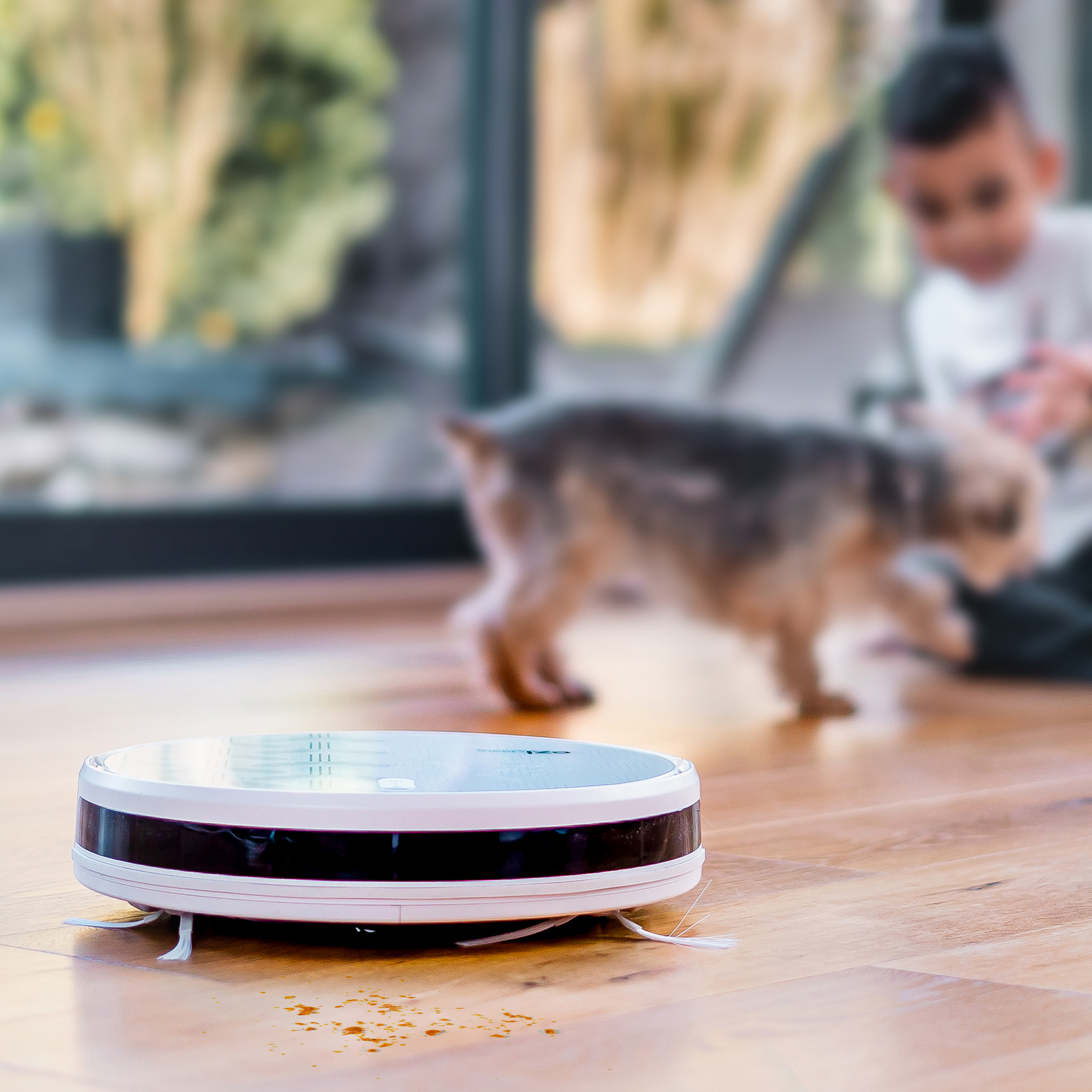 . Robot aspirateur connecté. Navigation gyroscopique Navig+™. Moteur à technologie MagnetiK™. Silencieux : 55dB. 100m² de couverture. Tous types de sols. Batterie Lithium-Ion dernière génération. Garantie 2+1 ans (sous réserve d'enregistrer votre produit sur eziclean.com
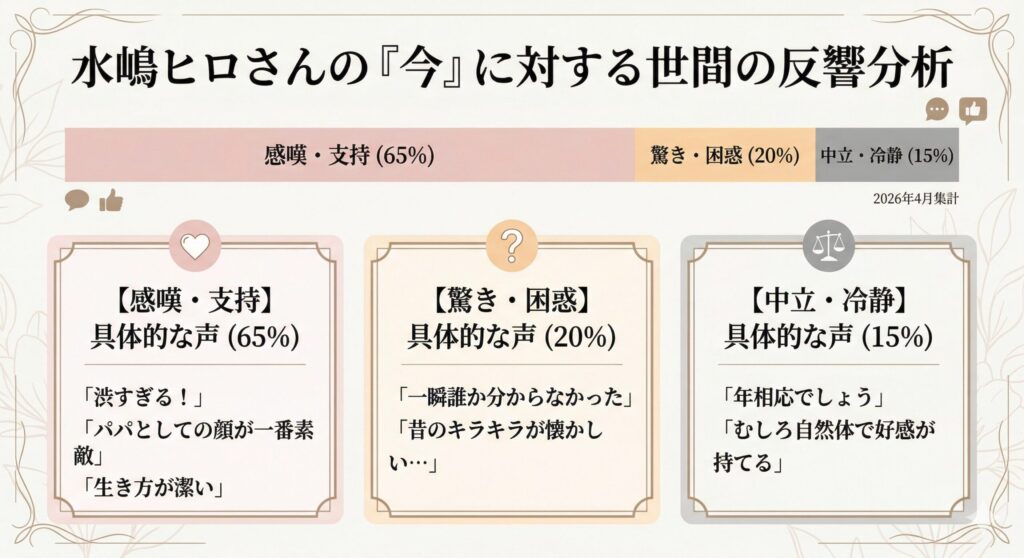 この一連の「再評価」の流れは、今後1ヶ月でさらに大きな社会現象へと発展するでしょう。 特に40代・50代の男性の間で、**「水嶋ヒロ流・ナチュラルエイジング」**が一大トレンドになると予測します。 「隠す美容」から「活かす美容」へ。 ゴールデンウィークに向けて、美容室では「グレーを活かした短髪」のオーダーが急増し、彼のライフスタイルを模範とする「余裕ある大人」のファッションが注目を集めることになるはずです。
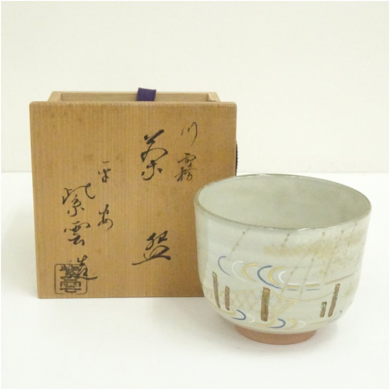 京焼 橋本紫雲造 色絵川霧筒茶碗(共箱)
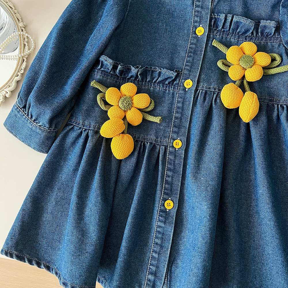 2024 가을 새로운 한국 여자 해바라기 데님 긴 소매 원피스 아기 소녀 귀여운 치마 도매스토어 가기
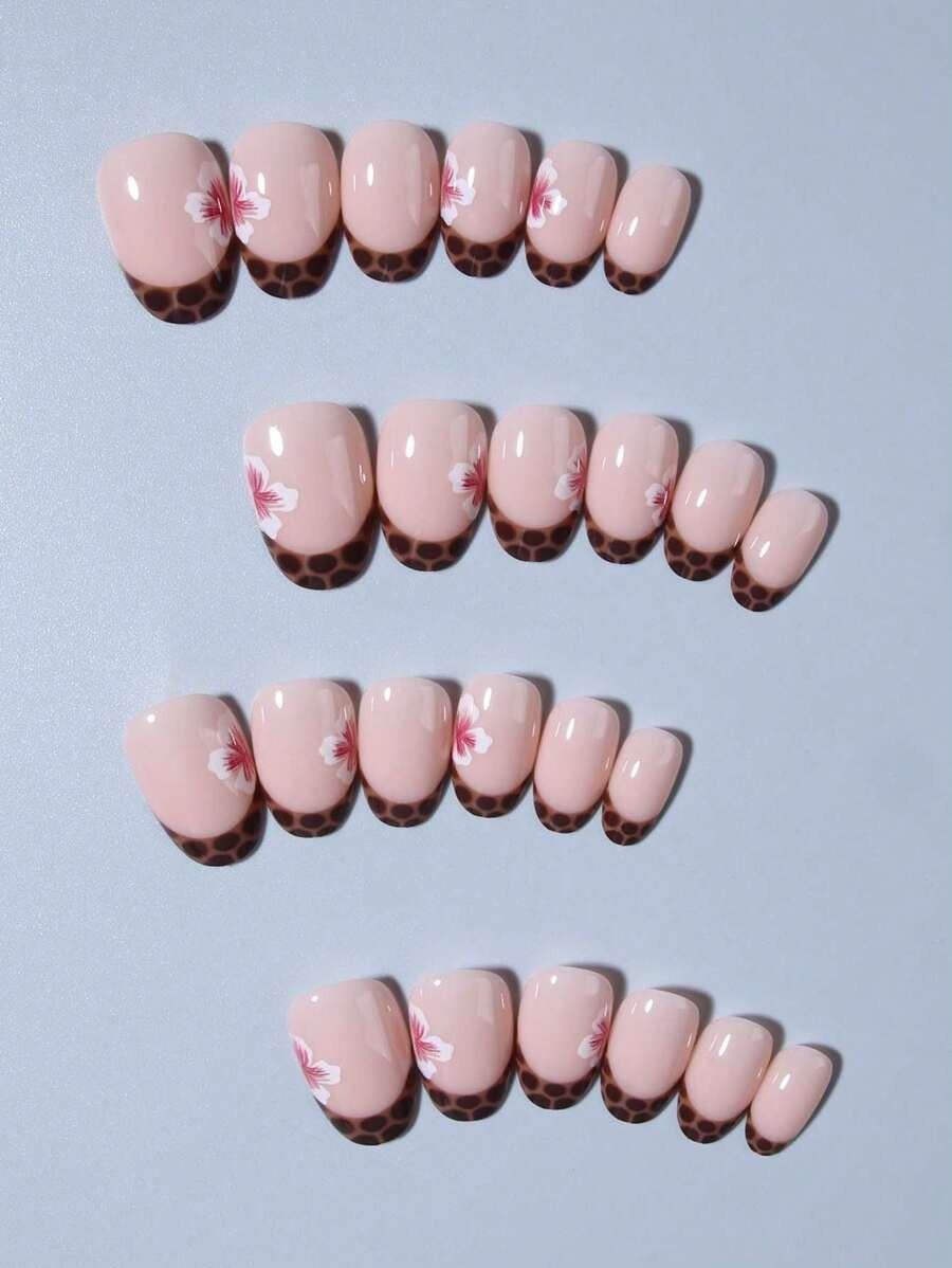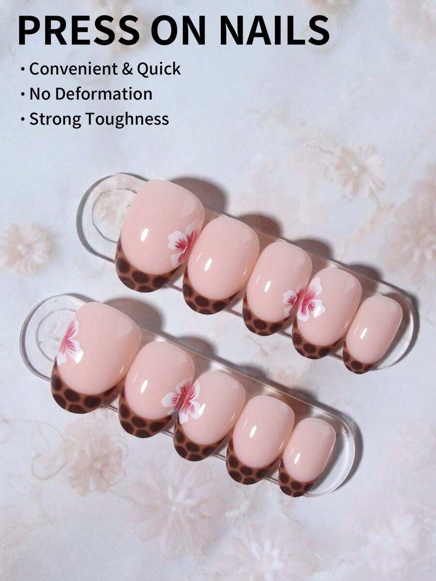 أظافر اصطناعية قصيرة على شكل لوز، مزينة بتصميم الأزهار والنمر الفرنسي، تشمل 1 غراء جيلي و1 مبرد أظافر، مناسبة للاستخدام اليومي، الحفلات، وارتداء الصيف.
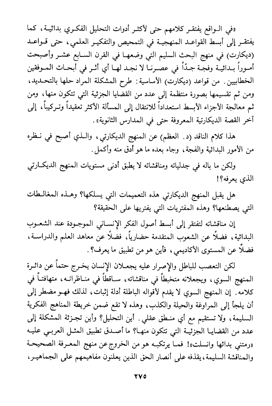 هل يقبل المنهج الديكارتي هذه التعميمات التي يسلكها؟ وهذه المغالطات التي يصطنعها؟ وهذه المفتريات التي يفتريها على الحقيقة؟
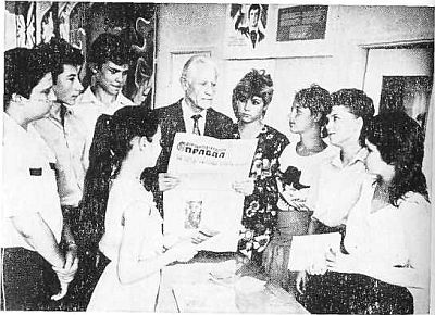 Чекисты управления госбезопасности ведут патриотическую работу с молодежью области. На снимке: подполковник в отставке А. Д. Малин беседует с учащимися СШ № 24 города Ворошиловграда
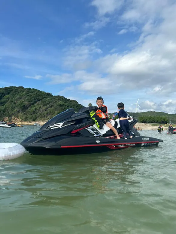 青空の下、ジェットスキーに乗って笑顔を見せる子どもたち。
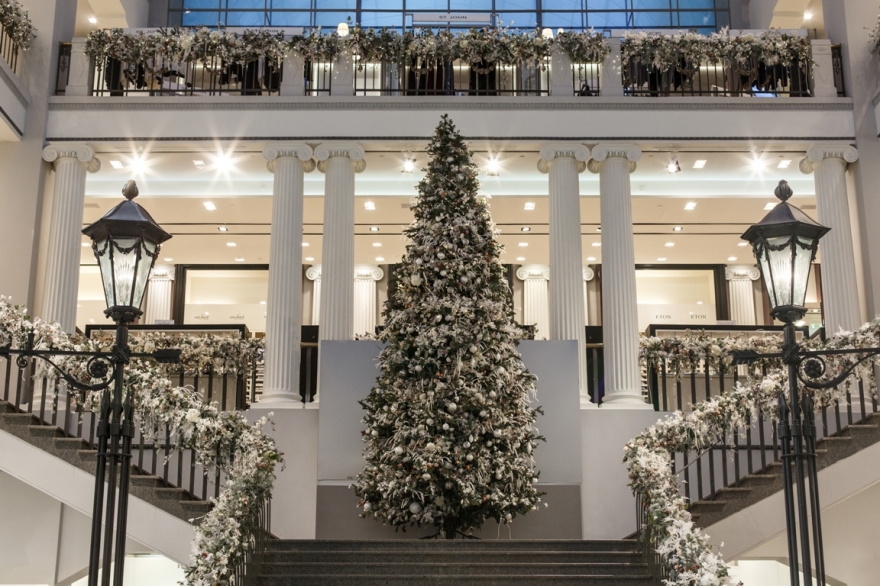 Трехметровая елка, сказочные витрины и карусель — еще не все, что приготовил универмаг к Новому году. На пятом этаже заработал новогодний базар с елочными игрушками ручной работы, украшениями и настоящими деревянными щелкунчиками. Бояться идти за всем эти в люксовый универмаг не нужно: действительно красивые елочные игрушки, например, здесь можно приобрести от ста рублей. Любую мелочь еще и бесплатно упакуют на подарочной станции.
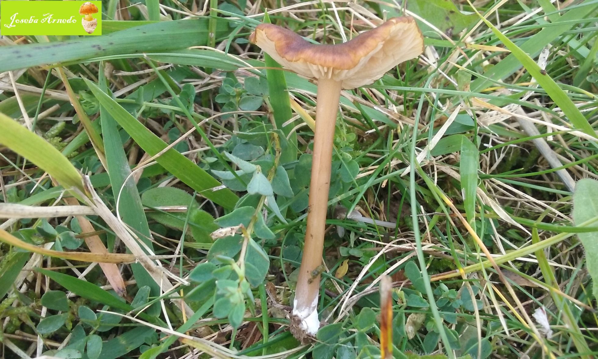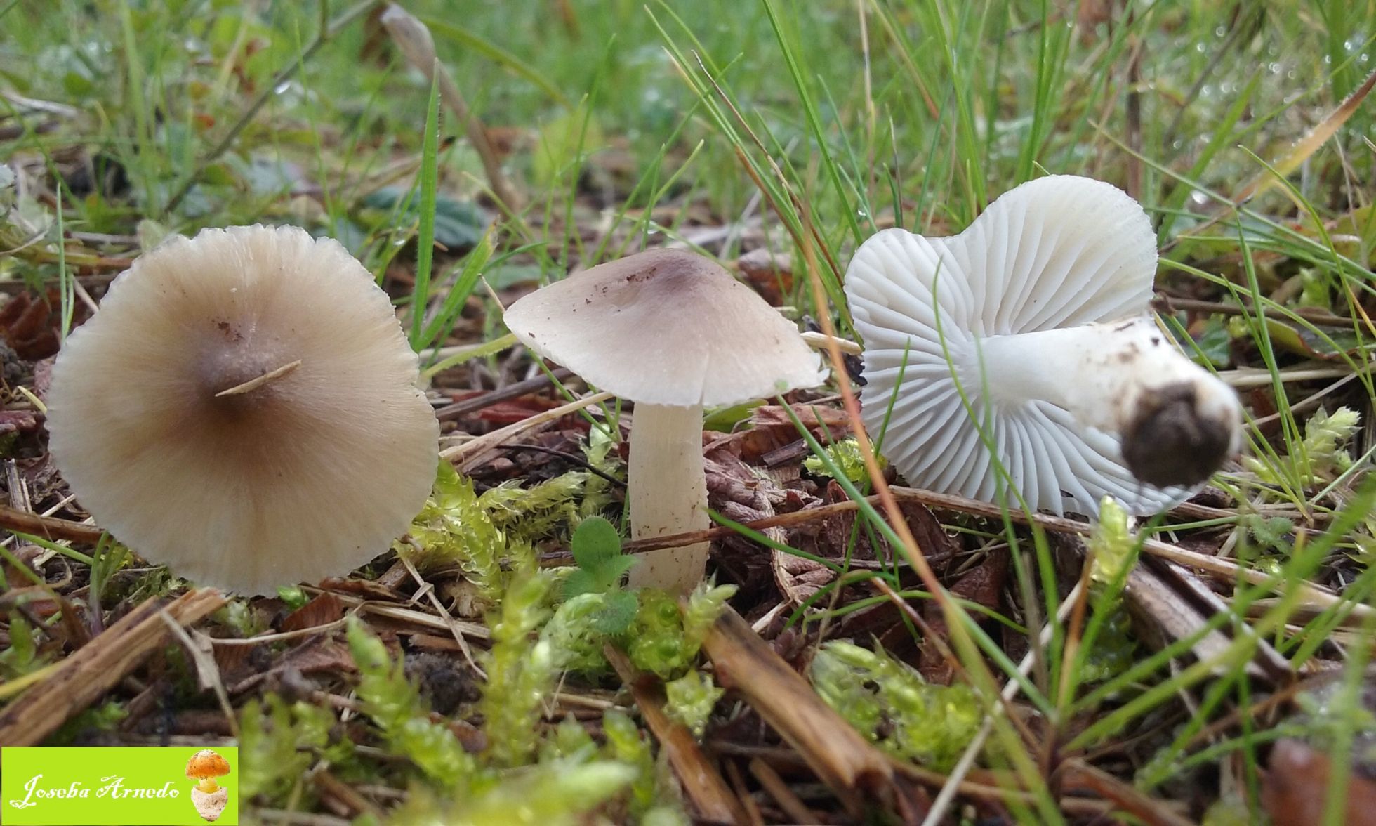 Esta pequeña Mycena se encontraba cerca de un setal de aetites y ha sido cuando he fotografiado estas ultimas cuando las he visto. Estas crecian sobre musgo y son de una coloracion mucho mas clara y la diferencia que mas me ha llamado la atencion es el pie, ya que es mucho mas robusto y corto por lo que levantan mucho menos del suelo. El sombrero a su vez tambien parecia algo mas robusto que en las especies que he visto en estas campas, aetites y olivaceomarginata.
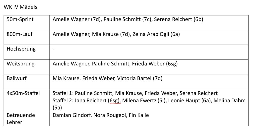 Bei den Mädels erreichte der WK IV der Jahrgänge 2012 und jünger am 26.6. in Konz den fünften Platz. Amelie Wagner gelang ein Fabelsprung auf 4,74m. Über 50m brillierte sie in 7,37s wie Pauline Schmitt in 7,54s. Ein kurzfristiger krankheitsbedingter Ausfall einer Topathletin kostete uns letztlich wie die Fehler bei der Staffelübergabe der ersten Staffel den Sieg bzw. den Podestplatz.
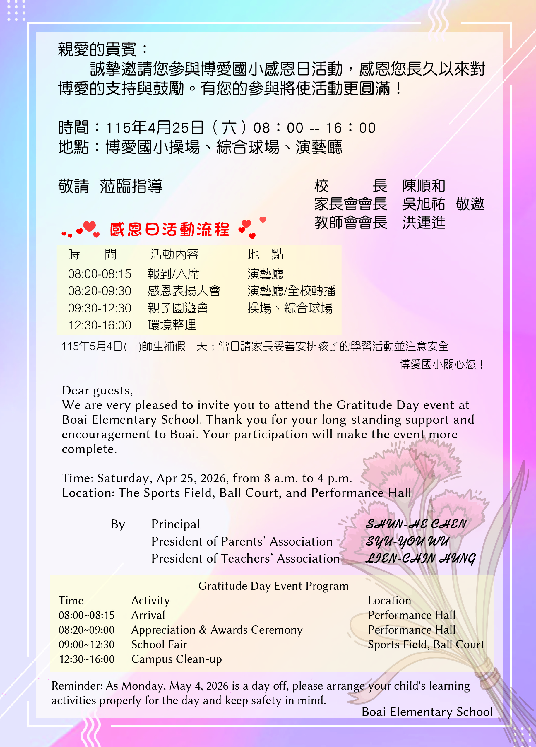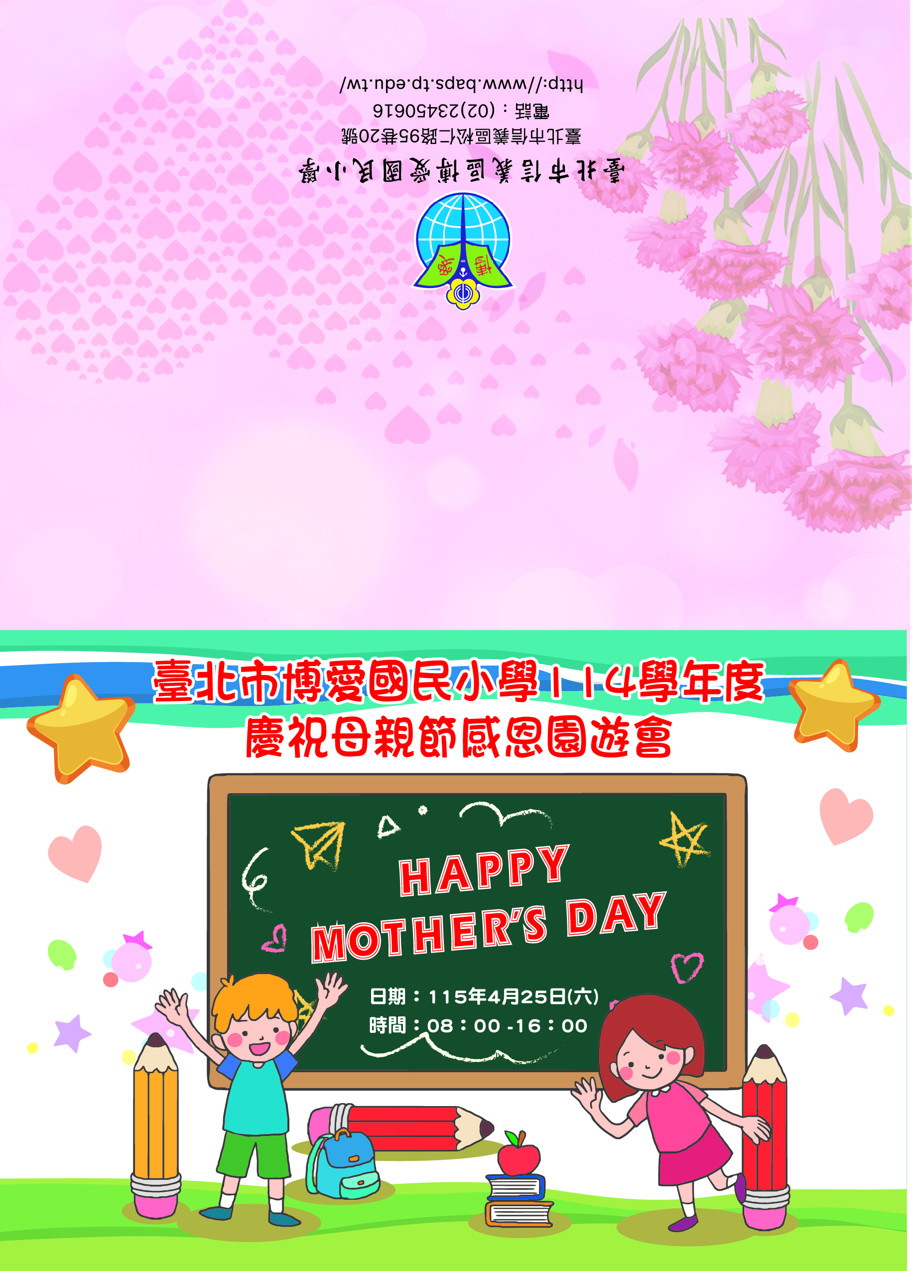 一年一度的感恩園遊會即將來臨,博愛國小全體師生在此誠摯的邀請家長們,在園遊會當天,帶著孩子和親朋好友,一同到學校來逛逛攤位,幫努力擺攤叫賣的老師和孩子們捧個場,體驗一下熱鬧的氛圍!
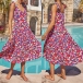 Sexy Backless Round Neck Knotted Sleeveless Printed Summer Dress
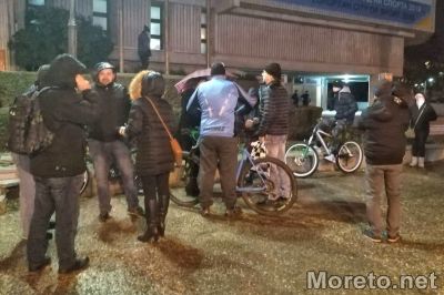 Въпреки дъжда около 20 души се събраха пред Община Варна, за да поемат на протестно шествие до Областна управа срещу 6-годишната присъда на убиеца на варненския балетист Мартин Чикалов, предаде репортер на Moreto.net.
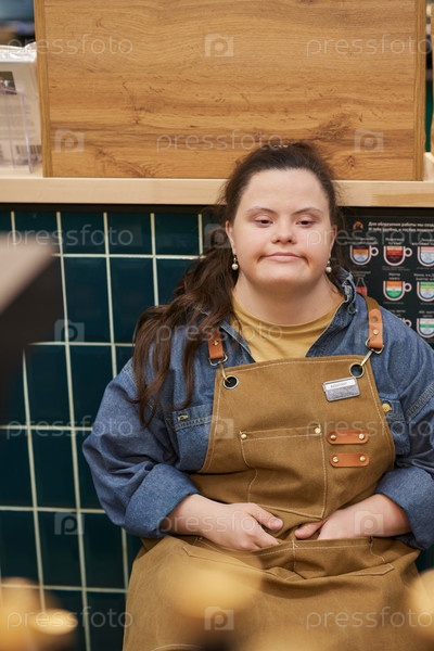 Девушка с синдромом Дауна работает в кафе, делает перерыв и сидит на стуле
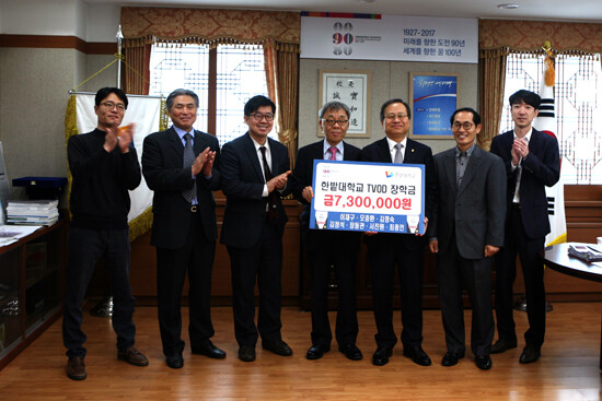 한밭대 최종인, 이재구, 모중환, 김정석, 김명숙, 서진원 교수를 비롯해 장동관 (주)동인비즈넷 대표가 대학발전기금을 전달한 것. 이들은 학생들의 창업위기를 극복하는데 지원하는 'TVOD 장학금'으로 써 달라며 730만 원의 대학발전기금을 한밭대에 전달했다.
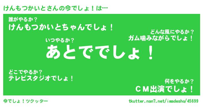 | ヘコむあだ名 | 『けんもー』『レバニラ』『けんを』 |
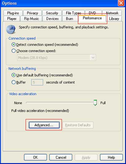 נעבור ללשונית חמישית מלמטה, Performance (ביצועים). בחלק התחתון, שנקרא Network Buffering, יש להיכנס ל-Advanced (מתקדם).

=======

§ **Your assignment**:
Pictures are to be left out while the lines from the beginning of the records through the line with "Esta pequeña Mycena" are copied word for word.

§ **Task output**:
 . Robot aspirateur connecté. Navigation gyroscopique Navig+™. Moteur à technologie MagnetiK™. Silencieux : 55dB. 100m² de couverture. Tous types de sols. Batterie Lithium-Ion dernière génération. Garantie 2+1 ans (sous réserve d'enregistrer votre produit sur eziclean.com
 この一連の「再評価」の流れは、今後1ヶ月でさらに大きな社会現象へと発展するでしょう。 特に40代・50代の男性の間で、**「水嶋ヒロ流・ナチュラルエイジング」**が一大トレンドになると予測します。 「隠す美容」から「活かす美容」へ。 ゴールデンウィークに向けて、美容室では「グレーを活かした短髪」のオーダーが急増し、彼のライフスタイルを模範とする「余裕ある大人」のファッションが注目を集めることになるはずです。
 京焼 橋本紫雲造 色絵川霧筒茶碗(共箱)
 2024 가을 새로운 한국 여자 해바라기 데님 긴 소매 원피스 아기 소녀 귀여운 치마 도매스토어 가기
 أظافر اصطناعية قصيرة على شكل لوز، مزينة بتصميم الأزهار والنمر الفرنسي، تشمل 1 غراء جيلي و1 مبرد أظافر، مناسبة للاستخدام اليومي، الحفلات، وارتداء الصيف.
 هل يقبل المنهج الديكارتي هذه التعميمات التي يسلكها؟ وهذه المغالطات التي يصطنعها؟ وهذه المفتريات التي يفتريها على الحقيقة؟
 Чекисты управления госбезопасности ведут патриотическую работу с молодежью области. На снимке: подполковник в отставке А. Д. Малин беседует с учащимися СШ № 24 города Ворошиловграда
 青空の下、ジェットスキーに乗って笑顔を見せる子どもたち。
 Трехметровая елка, сказочные витрины и карусель — еще не все, что приготовил универмаг к Новому году. На пятом этаже заработал новогодний базар с елочными игрушками ручной работы, украшениями и настоящими деревянными щелкунчиками. Бояться идти за всем эти в люксовый универмаг не нужно: действительно красивые елочные игрушки, например, здесь можно приобрести от ста рублей. Любую мелочь еще и бесплатно упакуют на подарочной станции.
 Esta pequeña Mycena se encontraba cerca de un setal de aetites y ha sido cuando he fotografiado estas ultimas cuando las he visto. Estas crecian sobre musgo y son de una coloracion mucho mas clara y la diferencia que mas me ha llamado la atencion es el pie, ya que es mucho mas robusto y corto por lo que levantan mucho menos del suelo. El sombrero a su vez tambien parecia algo mas robusto que en las especies que he visto en estas campas, aetites y olivaceomarginata.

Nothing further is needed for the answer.